EXERCISE — Only one span is wanted from the lines below: from the one with "Room One is" up to and including the one with "遇到大量障碍时不要紧张,像摆". Copy it exactly, without images.

***** EXTRACTED DATA

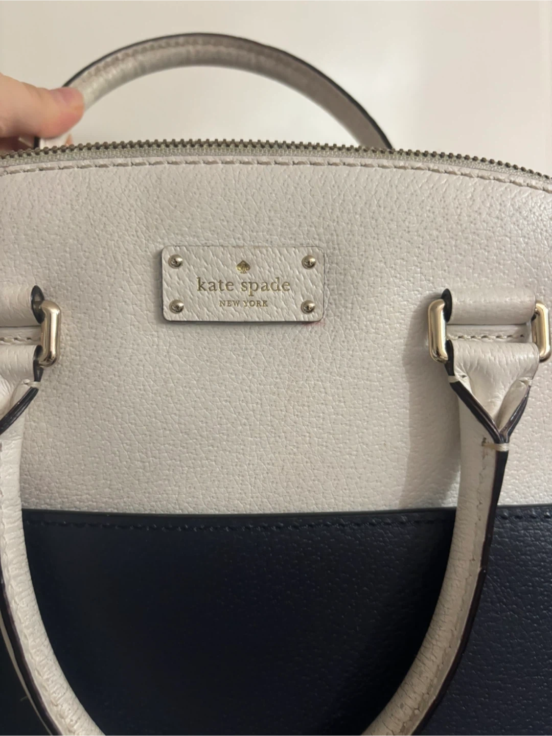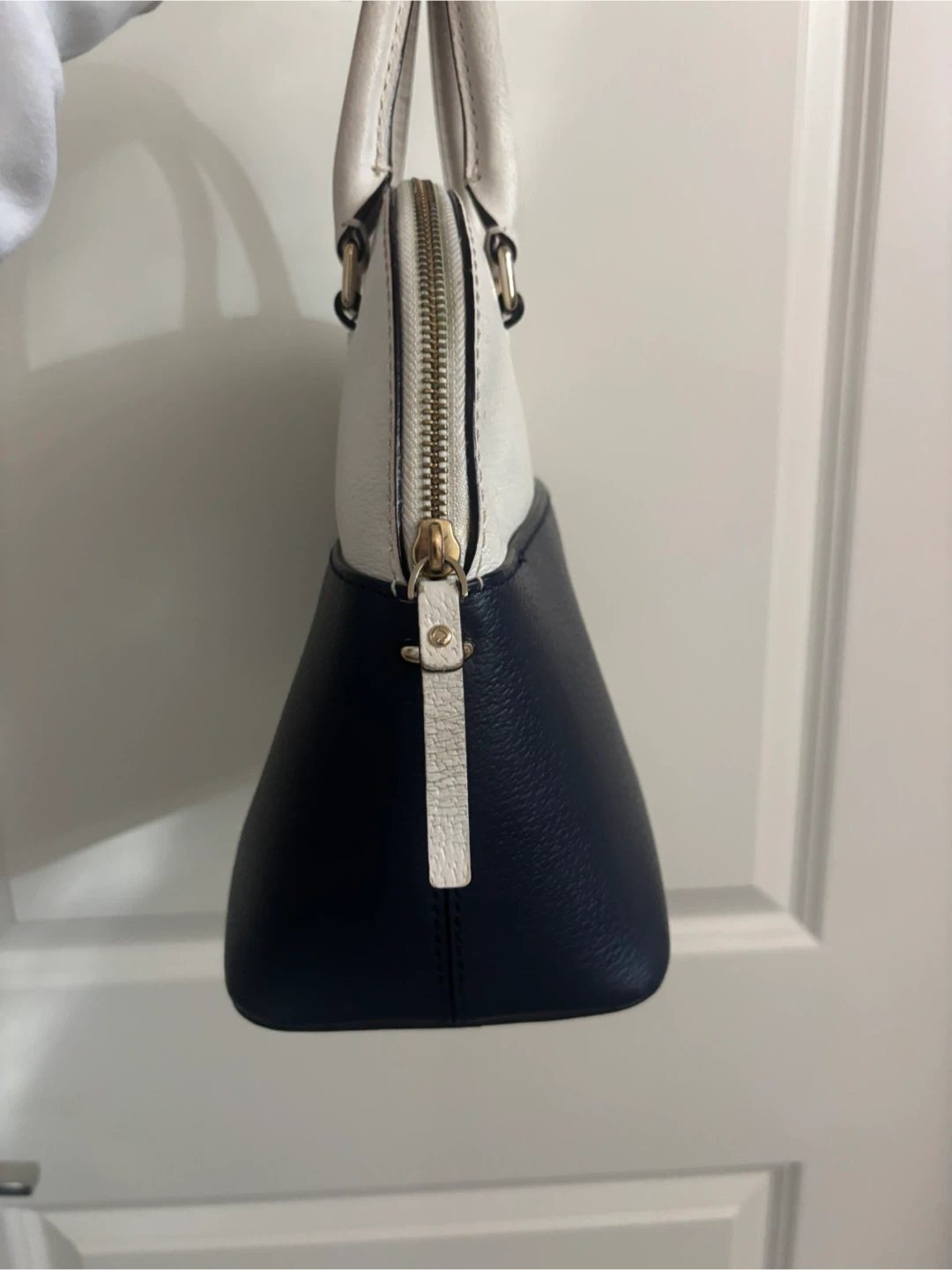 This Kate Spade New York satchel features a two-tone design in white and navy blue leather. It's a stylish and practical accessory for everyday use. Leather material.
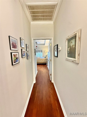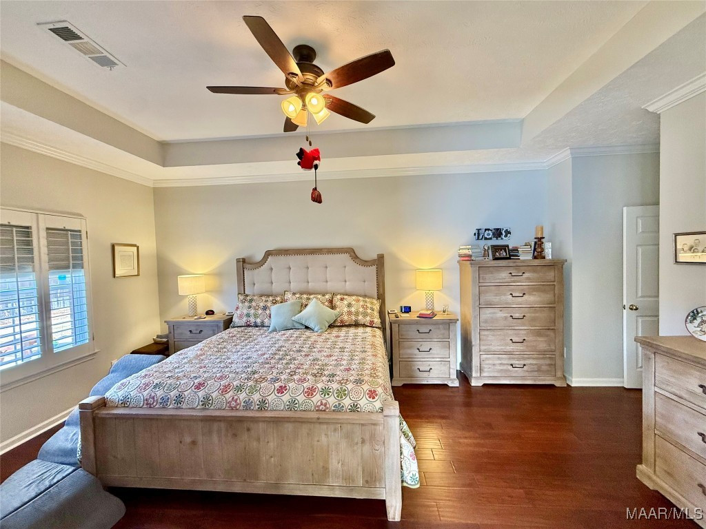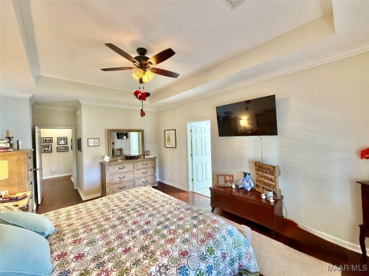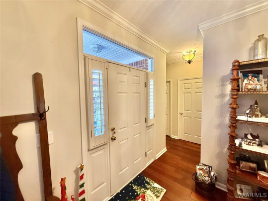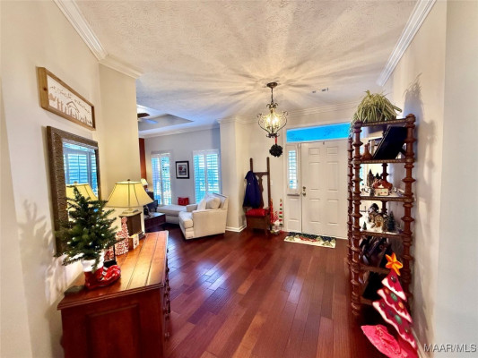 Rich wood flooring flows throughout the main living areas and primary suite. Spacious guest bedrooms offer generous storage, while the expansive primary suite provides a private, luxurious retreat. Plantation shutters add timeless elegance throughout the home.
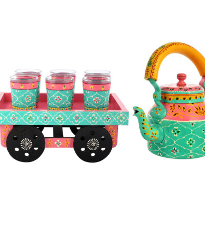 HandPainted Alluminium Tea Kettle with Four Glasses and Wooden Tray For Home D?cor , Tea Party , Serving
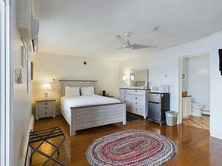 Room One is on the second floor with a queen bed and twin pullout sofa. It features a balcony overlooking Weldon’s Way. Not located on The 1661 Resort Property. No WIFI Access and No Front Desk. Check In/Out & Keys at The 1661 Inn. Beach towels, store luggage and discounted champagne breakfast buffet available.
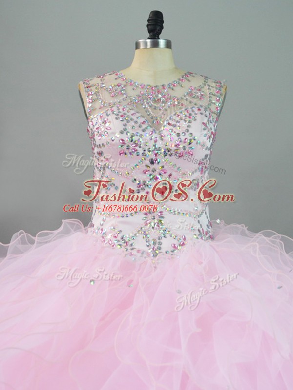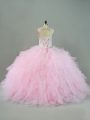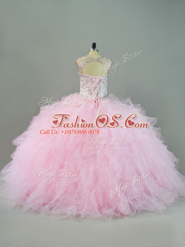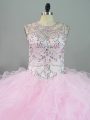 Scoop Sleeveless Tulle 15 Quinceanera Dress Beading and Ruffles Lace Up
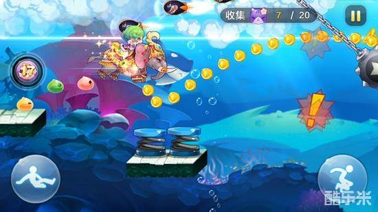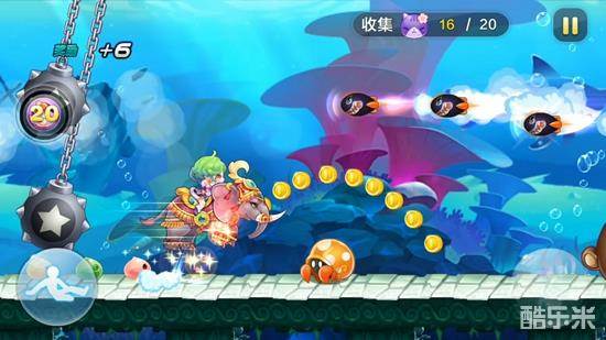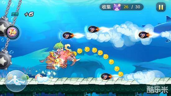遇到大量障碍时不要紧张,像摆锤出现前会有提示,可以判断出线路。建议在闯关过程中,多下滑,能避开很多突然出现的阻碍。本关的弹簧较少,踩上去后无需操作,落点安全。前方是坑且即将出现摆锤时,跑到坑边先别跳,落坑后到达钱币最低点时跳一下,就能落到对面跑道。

**********
***** EXTRACTED DATA

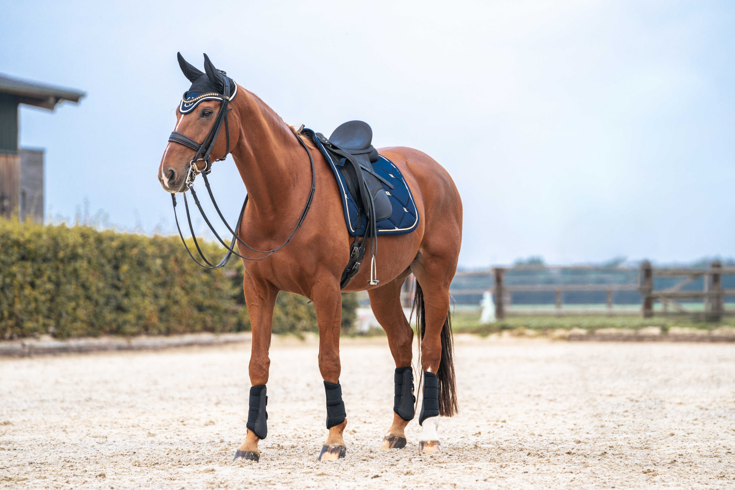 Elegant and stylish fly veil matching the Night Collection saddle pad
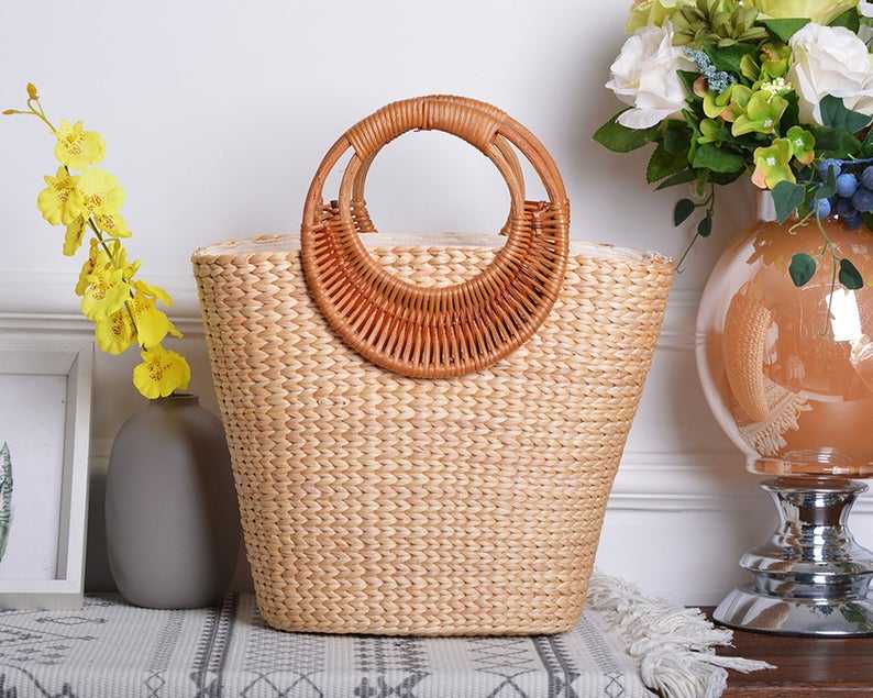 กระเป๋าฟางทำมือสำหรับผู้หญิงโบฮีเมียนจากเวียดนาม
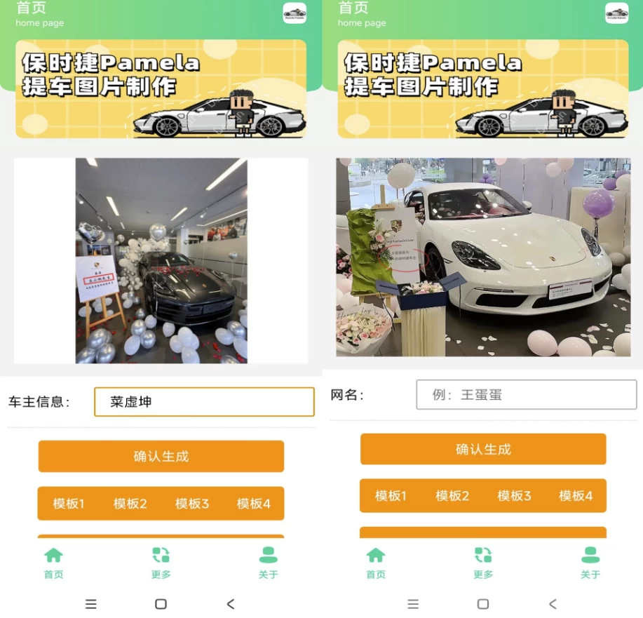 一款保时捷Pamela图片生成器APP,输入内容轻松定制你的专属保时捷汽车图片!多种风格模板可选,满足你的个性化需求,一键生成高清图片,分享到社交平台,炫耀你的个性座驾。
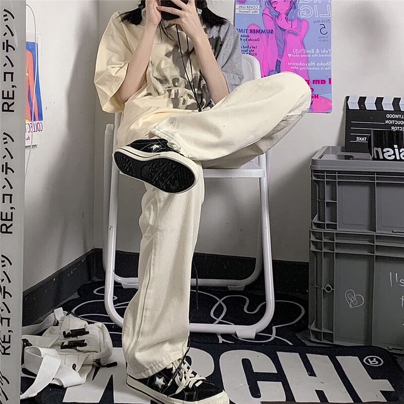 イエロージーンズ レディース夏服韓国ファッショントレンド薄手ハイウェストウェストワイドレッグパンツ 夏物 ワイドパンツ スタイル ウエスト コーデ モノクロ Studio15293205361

**********
***** EXTRACTED DATA

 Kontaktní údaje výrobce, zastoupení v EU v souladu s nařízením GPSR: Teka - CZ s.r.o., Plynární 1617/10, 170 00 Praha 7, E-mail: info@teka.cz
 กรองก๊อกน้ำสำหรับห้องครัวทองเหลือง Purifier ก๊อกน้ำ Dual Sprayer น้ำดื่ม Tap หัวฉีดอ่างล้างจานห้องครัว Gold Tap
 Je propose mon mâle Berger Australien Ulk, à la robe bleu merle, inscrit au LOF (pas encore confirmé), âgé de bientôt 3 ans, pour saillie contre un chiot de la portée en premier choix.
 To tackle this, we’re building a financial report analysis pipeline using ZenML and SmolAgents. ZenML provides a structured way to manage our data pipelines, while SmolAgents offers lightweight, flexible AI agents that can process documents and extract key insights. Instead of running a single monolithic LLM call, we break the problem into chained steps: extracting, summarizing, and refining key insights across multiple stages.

**********

ANSWER TO THIS TASK —
 Room One is on the second floor with a queen bed and twin pullout sofa. It features a balcony overlooking Weldon’s Way. Not located on The 1661 Resort Property. No WIFI Access and No Front Desk. Check In/Out & Keys at The 1661 Inn. Beach towels, store luggage and discounted champagne breakfast buffet available.
 Scoop Sleeveless Tulle 15 Quinceanera Dress Beading and Ruffles Lace Up
遇到大量障碍时不要紧张,像摆锤出现前会有提示,可以判断出线路。建议在闯关过程中,多下滑,能避开很多突然出现的阻碍。本关的弹簧较少,踩上去后无需操作,落点安全。前方是坑且即将出现摆锤时,跑到坑边先别跳,落坑后到达钱币最低点时跳一下,就能落到对面跑道。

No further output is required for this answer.